Roll Crimping (Revolver and Rifle cartridges): A roll crimp actually does hold the bullet in place, but it’s still not exactly neck tension. You’ll see bullets for rimmed cartridges like .357 mag or .44 mag that have a groove or “cannelure” in the bullet to crimp the brass into. The big idea here is that with hard-kicking magnums, the recoil impulse can actually yank the other cases in the cylinder back hard enough to begin pulling the bullets out (known as jumping the crimp). If this goes far enough, it can lock up the action of the revolver – not something easily fixed in the field. Another purpose of a good roll crimp is to hold on to that bullet a microsecond longer to get a good consistent powder burn, as many of these cartridges use slow burning powders. Some rifle bullets will have cannelures, but you’ll get mixed opinions on whether or not to roll crimp a rifle bullet. It can help prevent the bullet from moving when being battered in the actions of auto loading rifles, but some argue it can also be detrimental to accuracy. DON’T roll crimp a cartridge that headspaces on the case mouth or on a bullet that doesn’t have a cannelure. Bad juju. There is a little bit of a touch element to roll crimping that can’t be taught. To little doesn’t do any good, too much can wreck your case and bullet. Like most things here, you’re just going to have to do it a few times.

Reloading for rimmed handgun cartridges: This process is the same as what was described above, but you’ll likely roll crimp instead of taper crimp. Also, you’re more likely to want to trim your brass so they are all the same length and line up to the cannelure consistently.

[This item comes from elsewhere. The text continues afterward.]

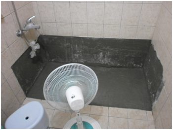 圖-14 用風扇吹一個晚上,讓地面水泥沙乾硬後,再塗刷彈性水泥,做好地面的防水措施。

Zombie Steve 05-16-2011 18:17

Reloading bottleneck rifle cartridges: There are very few carbide resizing dies on the market for bottleneck rifle rounds like .223, .308 or .30-06, so you’ll most likely have to lube the cases before they go in the sizing die. A stuck case is no fun, so don’t get stingy on the lube. On the other hand, you’ll get dents in the shoulder if your die gets too much lube in it, so it’s just another one of those things you’ll have to do and figure out. Again, there are many types of lubes and methods I won’t get into here. Just trust me when I say that when you start out, too much lube is preferable to too little. With rifle, you won’t flare the case and often won’t crimp at all. There are two ways to size rifle brass – neck only and full length resizing. If you’re shooting a bolt gun, you can just resize the neck of the brass to accept another bullet using a neck only die. The case has expanded to perfectly match your chamber, so messing with it is really pointless and unnecessarily working the brass. If, however, you are shooting a semi-auto or using the load for more than one gun, you’ll want to full length resize for reliable operation. There are also small base dies that size even smaller to make sure they feed well through your action. If in doubt, just get a full length die. You can adjust it back so it doesn’t push the shoulder and only works the neck, and they usually will work fine in semi-autos. Be sure to follow the directions closely so you aren’t pushing the shoulder too much or too little. The case gauges I mentioned in the taper crimp section are more worthwhile here (you can’t do a plunk test on your rifle) if you are loading for semi-auto.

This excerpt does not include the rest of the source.